The ES is a branch of theosophy for members who wanted to live thoroughly theosophical lives and prepare members to help humanity, and Judge claimed that the AMs appointed him as co-delegate of the Society’s Esoteric Section with Besant. Ironically, Olcott believed that Judge had forged the letters from the AMs, which Judge countered with claims direct from the AMs that Olcott was planning to assassinate Besant. When Besant sided with Olcott, Judge received an update from the AMs giving him sole leadership of the Esoteric Section. The broader Theosophical Society declined to make a definitive judgement about the existence of the AMs, and Judge was allowed to stay. The whole debacle was published in Edmund Garret’s Isis Very Much Unveiled, a title that plays on Blavatsky’s first publication, Isis Unveiled.

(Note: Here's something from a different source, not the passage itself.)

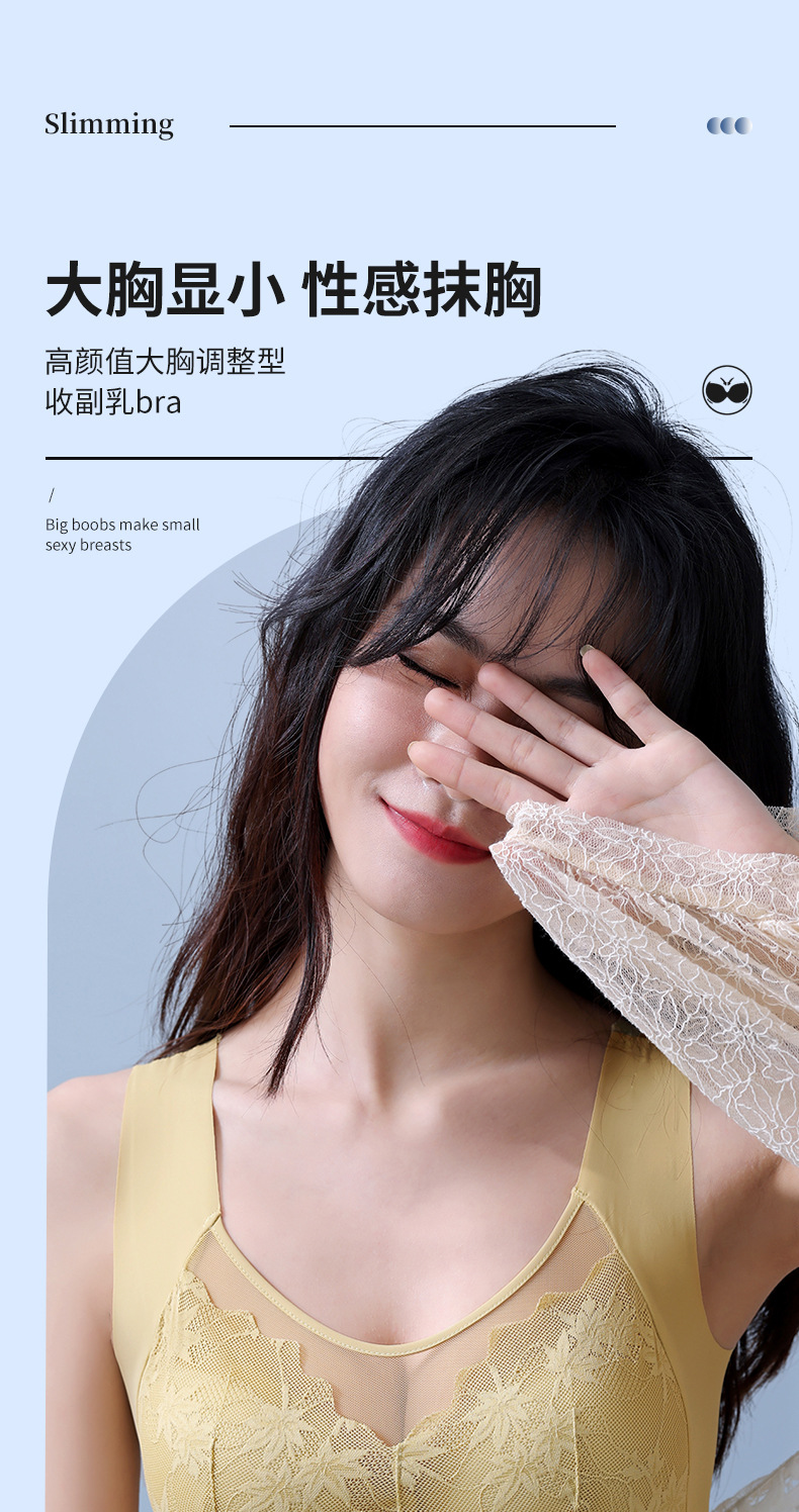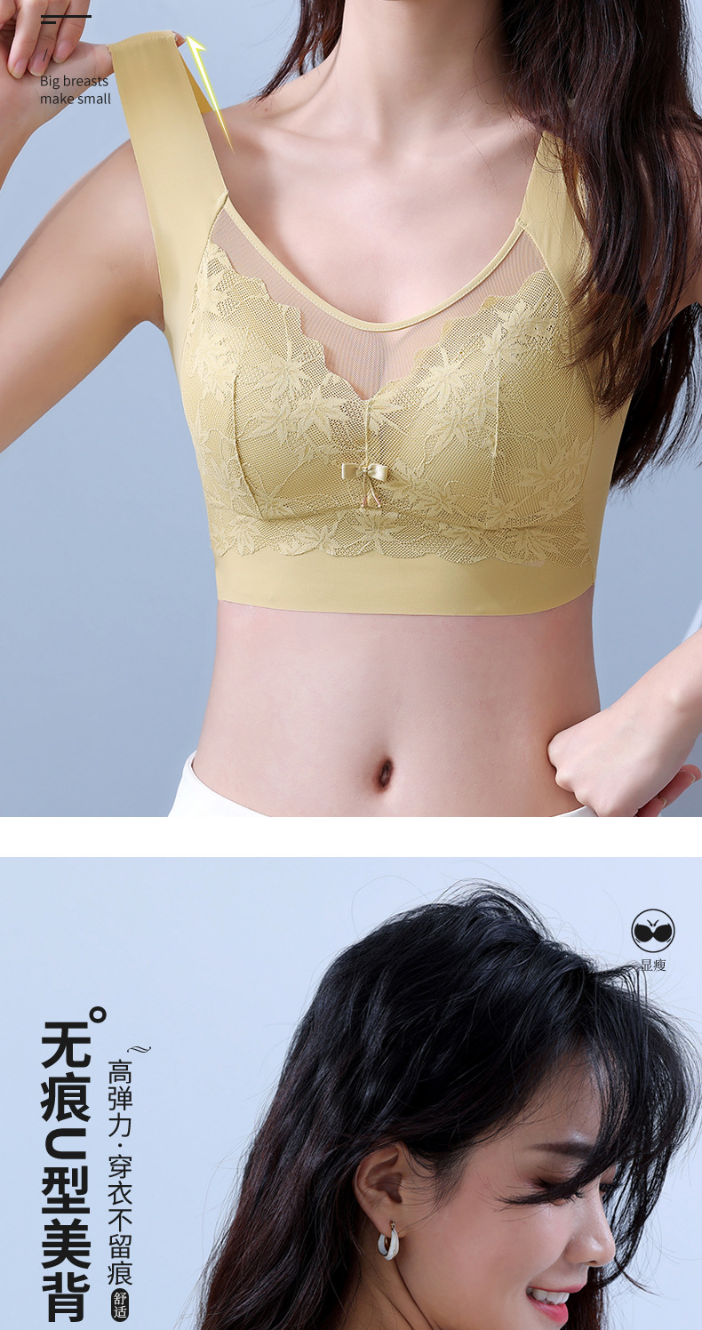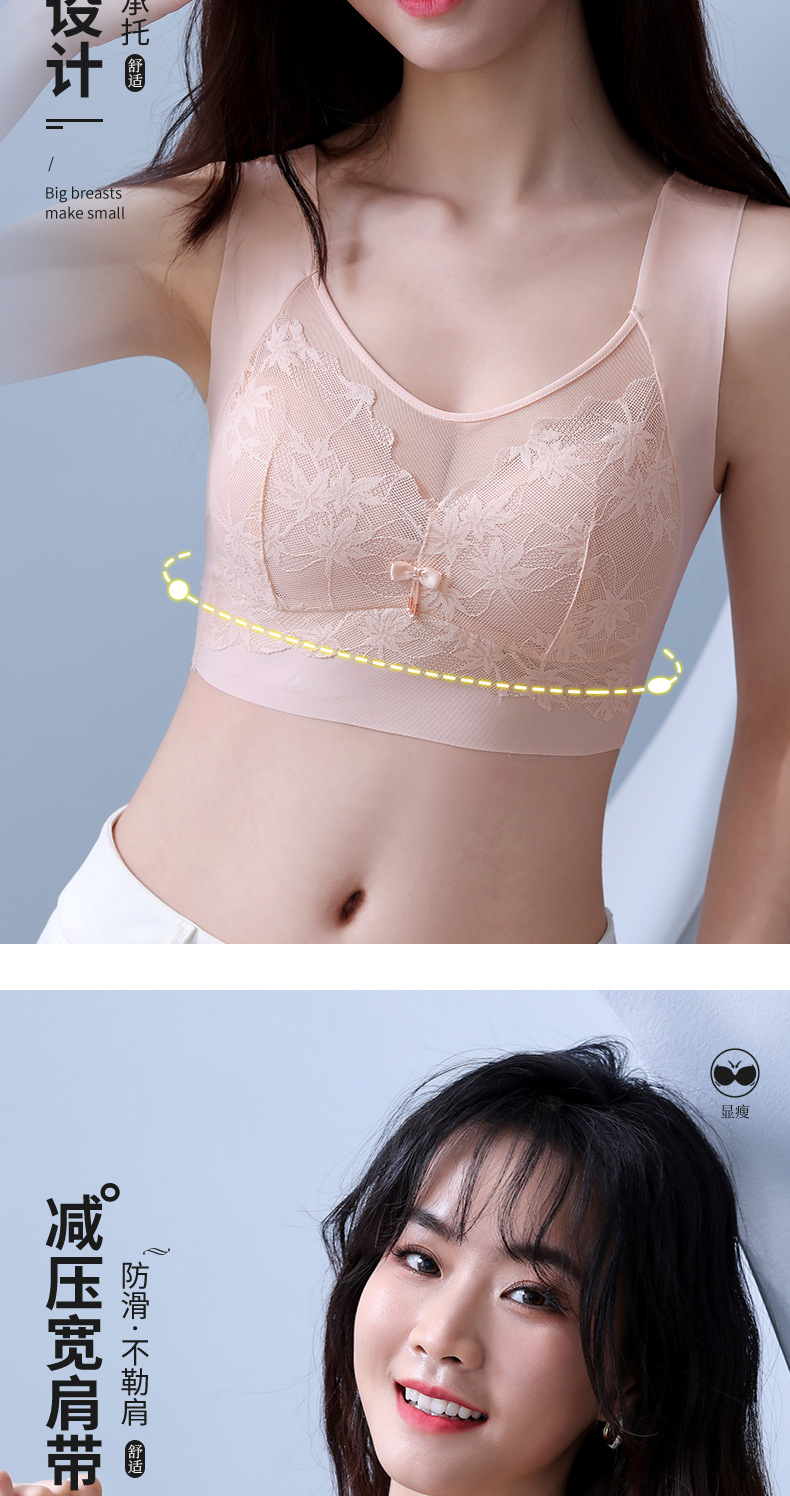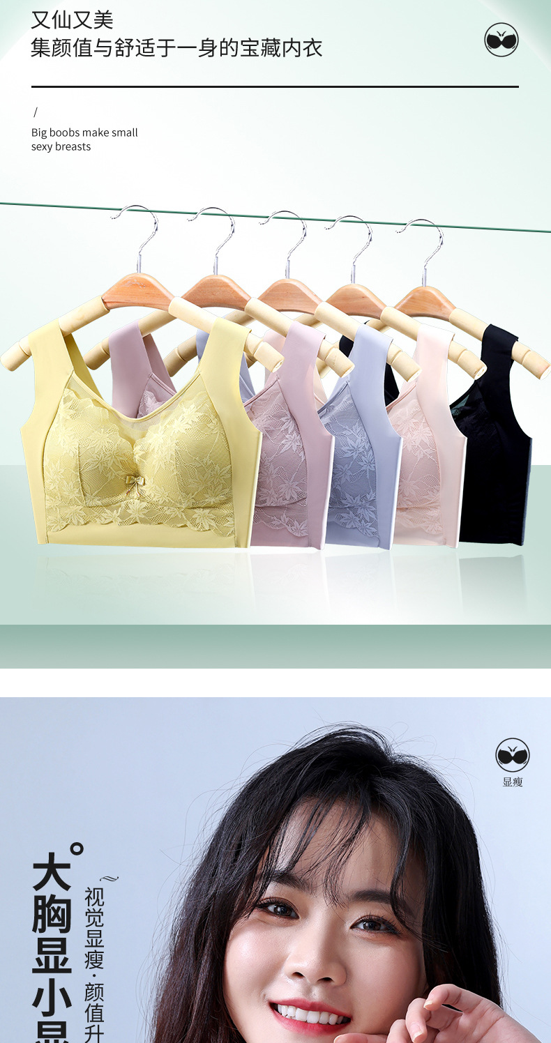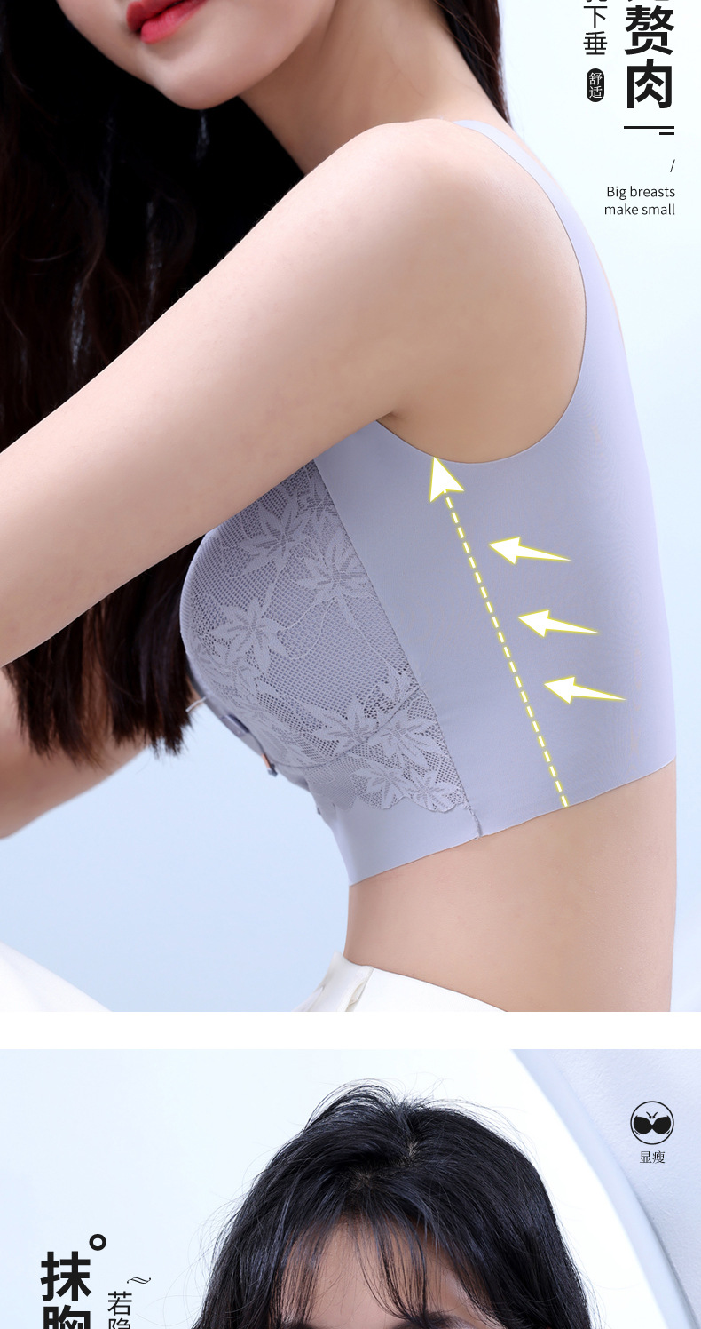 Chaleco envuelto en el pecho con encaje y espalda hermosa, sin anillo de acero, copa fija, leche auxiliar, anti-brillo, sujetador envuelto en el pecho sin costuras de gran tamaño

“When Augur meets Auger” from Isis Very Much Unveiled by Edmund Garrett

Under Judge’s leadership, the American section of the Society ceded, but Judge was dead within a year. Under Olcott’s orders, Besant made some amends with the American section and recruited more members. Olcott nominated Besant as his successor, and was elected to the head of the Theosophical Society in 1907. However, Besant courted her own controversy through her friendship with, and championing of, Charles Leadbeater, and the pedophilia scandal of the Leadbeater-connected Liberal Catholic Church in 1919. Besant’s detractors felt that the organisation had strayed from its roots and became a cult of personality, centred on Besant and Leadbeater.

Within this group of detractors was yet another British divorcee named Alice A. Bailey, who would go on to become one of the most influential new age writers that the Theosophy Society ever had the misfortune to expel.